Comparison of pathway distribution between AraCyc, AraCyc initial build, MetaCyc, and EcoCyc. The number of pathways in the different top-level classifications (Biosynthesis, Energy Metabolism, Intermediary Metabolism, and Degradation) are shown as pie charts. The major class in AraCyc is the biosynthesis class with 73 or 44.2% of pathways, up from 38.4% in the initial build. The major class in MetaCyc is the degradation class, probably reflecting the many bacterial degradation pathways that are known. The distribution within these classes in EcoCyc is, however, very similar to AraCyc.
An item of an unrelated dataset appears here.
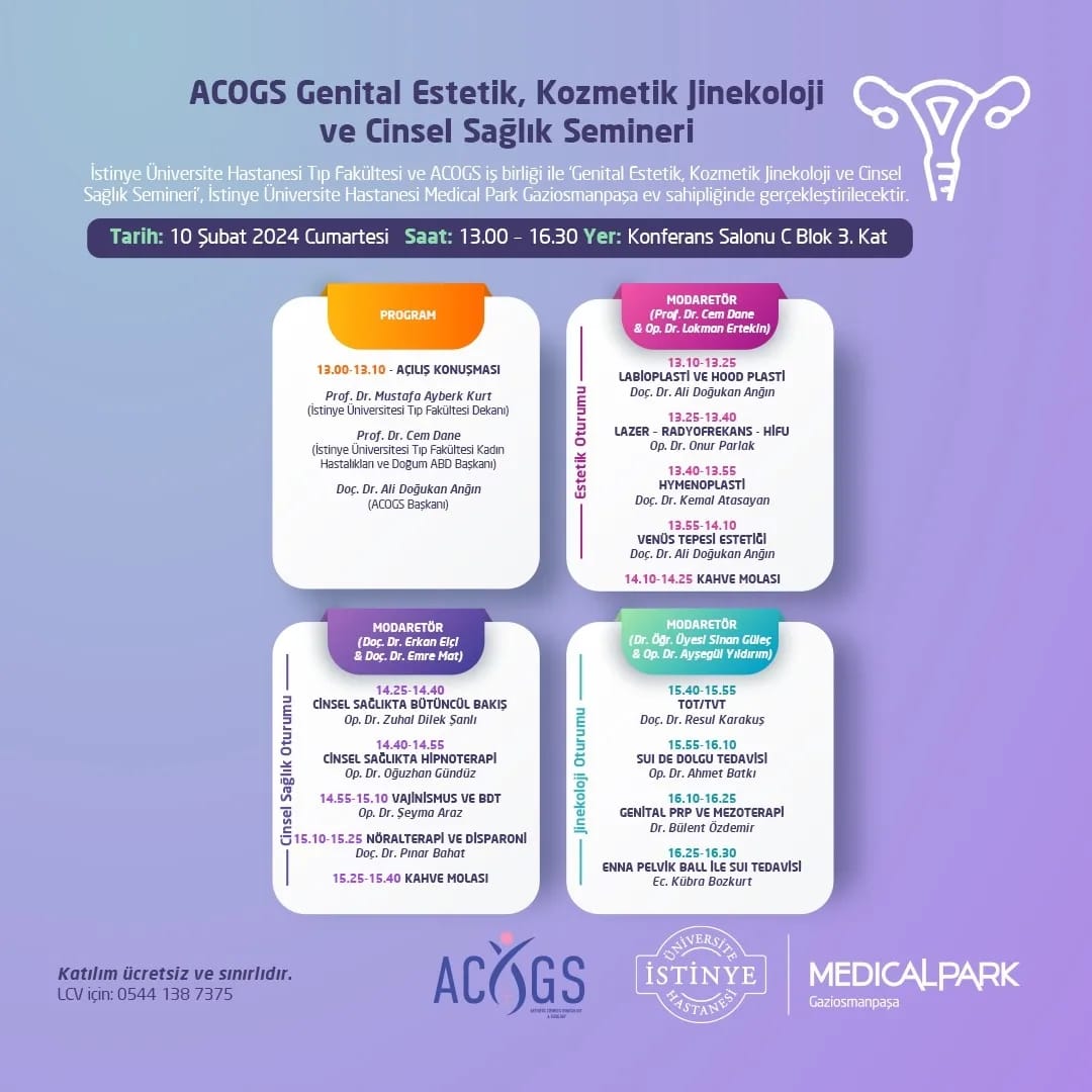 The academic meeting titled "Genital Aesthetics, Cosmetic Gynecology and Sexual Health", organized by the Department of Gynecology and Obstetrics at Istinye University Gaziosmanpaşa Hospital, was held with the participation of nearly 140 of our colleagues. We congratulate the department head Prof. Dr. Cem Dane, and all our faculty members who contributed to the event ...

In the Biosynthesis category of AraCyc, all amino acid biosyntheses have been inferred from Pathologic except the biosynthesis for Glu. The biosyntheses of Tyr and Phe that were inferred did not correspond to the plant versions; in plants, the biosynthesis of these amino acids is assumed to go through arogenate, instead of prephenate (Jung et al., 1986). Noticeably missing were biosynthesis of phospholipids and the mevalonate pathway. The latter is important as a precursor for terpenoid biosynthesis and was copied from MetaCyc to AraCyc manually. MetaCyc also classifies phytoalexin, flavonoid, and mevalonate metabolism under the “Fatty Acid and Lipids” class. These three pathways were also inferred in AraCyc, but subsequently moved to the newly created “Secondary Metabolite Biosynthesis” class, which was added under Biosynthesis. Apart from the secondary metabolites (flavonoids, phytoalexins) inferred under the Fatty Acid and Lipids class, no plant secondary metabolite pathways were in MetaCyc and therefore could not be identified by Pathologic. Therefore, the following pathways have been added manually: carotenoid biosynthesis, camalexin biosynthesis, and phenylpropanoid ester biosynthesis.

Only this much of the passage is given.